DEAL ANALYSIS: Sydney Desalination


  • Refinancing of desalination plant concession
  • Highlights the continued relevance of Australian banks as a refinancing option
  • Cheap debt pricing for the strongest credits

The unwillingness of banks to lend beyond seven years has rarely been a drawback for sponsors in Australia. Infrastructure assets, particularly those with revenue risk, usually have enough financial headroom to accommodate any additional margin costs during a refinancing

Sydney Desalination Plant Pty Ltd
STATUS
Closed 5 September 2013
SIZE
A$1.64 billion
DESCRIPTION
Refinancing of acquisition debt for the Kurnell desalination plant in Sydney
SPONSORS
Hastings Fund Management, Ontario Teachers’ Pension Plan
OFFTAKER
Sydney Water Corporation
MANDATED LEAD ARRANGERS
ANZ, BTMU, CBA, EDC, HSBC, Morgan Stanley, NAB, RBC, SMBC and Westpac
SPONSORS’ FINANCIAL ADVISER
RBC
SPONSORS’ LEGAL ADVISER
Allens
LENDERS’ LEGAL ADVISER
Gilbert & Tobin
OPERATOR
Veolia
Australian sponsors also benefit from access to a variety of funding sources, partly because local and international banks have made their distribution capabilities open to them, and partly because Australian infrastructure is now considered a mature asset class.
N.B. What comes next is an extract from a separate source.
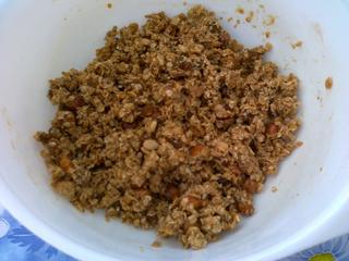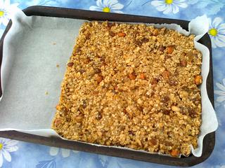 mokre so suchym zamiesat, vznikne akoby taka sypava zmes, ktoru natlacite na plech vystlany papierom na pecenie na rozmer 20x20 cm a dat upiect 20 min na 180st, este teple nakrajat na plechu a nechat tak (mozno sa budete cudovat, ze toto ma drzat pokope?...kludne si na dve hodinky zapnete MK a potom sa vratite k plechu a naozaj, uz ich len pooddelujete a mozete chrumkat 😀).....vdaka arsidovemu pyre a medu sa to peklne zlepi dohromady 😉

Alinta Energy recently closed $1.07 billion 6-year US-placed B loan, though only after sweetening margins and offering soft call protection. AquaSure, the project company for the Victoria desalination plant, has completed a A$3.75 billion ($3.4 billion) bank refinancing and will complement that debt with both US and Australian bond issues.

In September, Hastings Fund Management and Ontario Teachers’ Pension Plan (OTPP) closed on the A$1.64 billion refinancing for the bank debt that they used to acquire the Sydney desalination plant. The sponsors closed the financing largely with the same club of banks that provided the initial acquisition financing in 2013, but at more competitive margins.

The financing illustrates that a new bank deal can often be as attractive an option as a capital markets or cross-border financing, because local lender appetite for mature brownfield assets is still high. Sponsors can turn to relationship lenders if the legal fees, cross-currency swap costs or time involved in issuing in the US markets prove excessive.

Even as Australia’s pipeline of greenfield and brownfield infrastructure assets starts to mature, sponsors have been able to close financings at more competitive margins, as competition among lenders slowly starts to pick up.

The Sydney refinancing replaces the debt facilities that the sponsors closed in June last year when they acquired the Kurnell water supply project in Sydney. The state of New South Wales developed and built the plant, and it entered operations in January 2010. In November 2011, the state government launched a tender for the long-term concession of the plant, which it described as a refinancing, though the transaction was essentially an asset monetisation.

The plant is located in Sydney’s southern suburbs and is designed to provide the city with a more reliable supply of water, following several years of drought around the turn of the century. It is one of the largest desalination plants in the world, with a nameplate capacity of 250 million litres per day, and can account for 15% of the Sydney region’s water supply.

Hastings and OTPP closed the A$1.64 billion refinancing with a club of 10 lenders – ANZ, BTMU, CBA, EDC, HSBC, Morgan Stanley, NAB, RBC, SMBC and Westpac. Out of the original cast of lenders, only Crédit Agricole pulled out, while BTMU was the only new lender to join during the refinancing.

The debt financing breaks down into a A$400 million 2-year term loan facility, priced at 120bp, a A$600 million 3-year term loan facility, which priced at 140bp, a A$600 million 5-year term loan facility, which priced at 170bp and a A$40 million 3-year working capital facility, which is also understood to have priced at less than 200bp.

The Sydney desalination plant features solid counterparty risk because the plant benefits from an availability-type payment structure. The offtaker is Sydney Water Corporation, a state-owned entity.

The short-term bank debt does not preclude a capital markets refinancing, but it allows the sponsors to be much more opportunistic. The sponsors may eventually follow Aquasure to the bond market, according to market rumour, although the deal shows how far banks will stretch themselves on pricing for worthwhile credits.